We do not, at least on the night of this review, get the promised answer. This is because, at the opening, Sophie asks an audience member to set a strict 75-minute phone timer so she will not miss her flight home (she is seemingly being deported). Once the timer is up, the piece ends, reveal or no reveal. This might threaten narrative frustration: a shaggy-dog story without the benefit of a punchline. In fact, so strong is Sophie’s characterisation that an ending does not particularly matter. We know enough about the dark places she is likely to end up that a finale is superfluous.
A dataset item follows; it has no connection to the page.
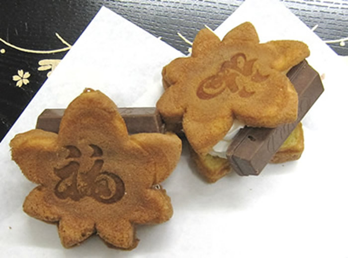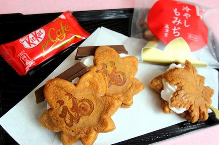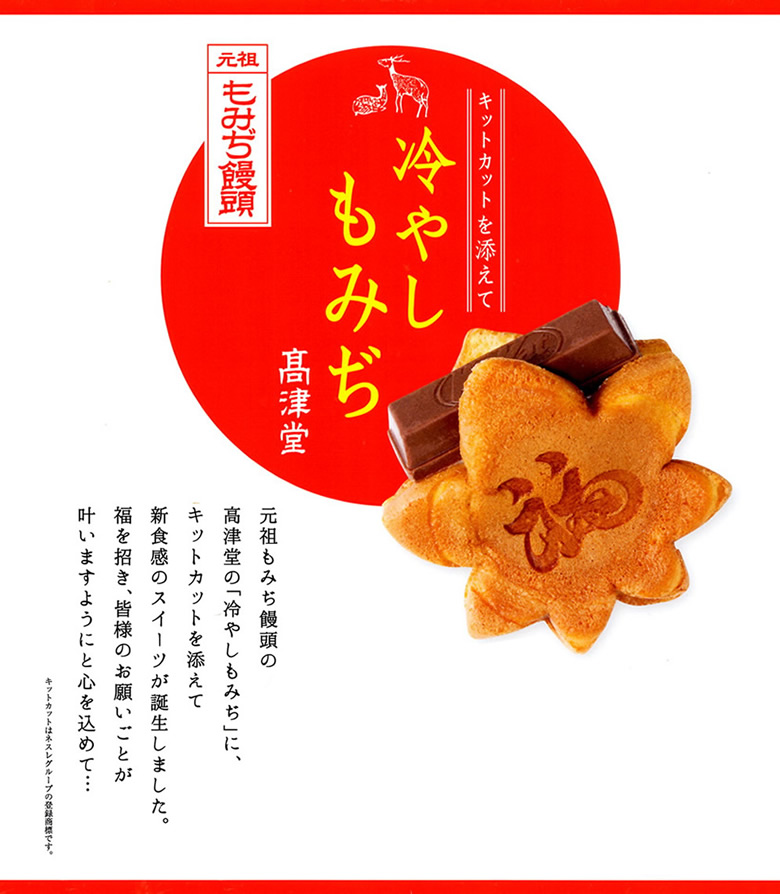 冷やしもみぢに「キットカットを添えて」新食感のスィーツです。 世界初の外食専用のキットカットフォーカフェ! サクサク感が口当たりよく仕上がりました。 商品は冷凍品ですが、少し解凍してお召し上がりください。 縁起を担いで、「福」の焼印。皆様のお願い事が叶います様にと心を込めて

Dancing manically around purple tinsel, dressed in a seemingly endless series of garish pink costume changes, 20-something Sophie thinks she is a kind of adult Barbie girl. In fact, the glittery Barbie world she thinks she inhabits contrasts with a tawdry reality. The audience can see, even if Sophie does not, that she is trapped in a cycle of despair defined by crushingly poor self-esteem and stupefyingly large quantities of emotion-numbing narcotics.
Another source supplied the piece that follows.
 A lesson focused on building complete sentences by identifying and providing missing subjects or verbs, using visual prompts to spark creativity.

As a nine-year-old, Sophie dreams of getting “Polly Pocket Princess Pumps” for her toy doll and being one of the coolest girls in school. Her bleach-blond Mum, “beer in hand, fag at the ready”, disabuses her of that idea: “You’re not pretty enough to be a princess”, she tells her sorrowful daughter, who is soon excluded from school.
Sophie’s dad (an abusive small-time bully) sells drugs to rich neighbours from the family home on a North London council estate. Dad invites Sophie’s elder brother, Jamie, into the family business early on, but thinks his daughter is too “soft” to join them, even though she does her first line of cocaine at the age of 13. Childhoods rarely get much more starved of love than this.
At 18, a sex-fuelled holiday to Tenerife ends in disaster. A year or two later, she is running drugs in a Greek holiday resort for a dealer called Ricky (“skin like a Wotsit-coloured raisin”) who gives her a black eye for her trouble. She meets an Irish couple who, a year later, invite her to join them in smuggling drugs from Ireland to Spain. “What’s the worst thing that could happen?” she muses. The journey involves no sleep for 36 hours, epic drug-taking, which she accurately describes as being “on a mad one”, and a mind-boggling episode of air rage.
Slade’s unflinching, nuanced depiction of the deeply damaged, deluded protagonist is both heart-rending and instantly recognisable. Anticipate audience interaction throughout, as Sophie makes us, quite literally, accomplices in the slow-motion, cherry-hued car crash that is her life. Well-judged humour adds welcome light and shade.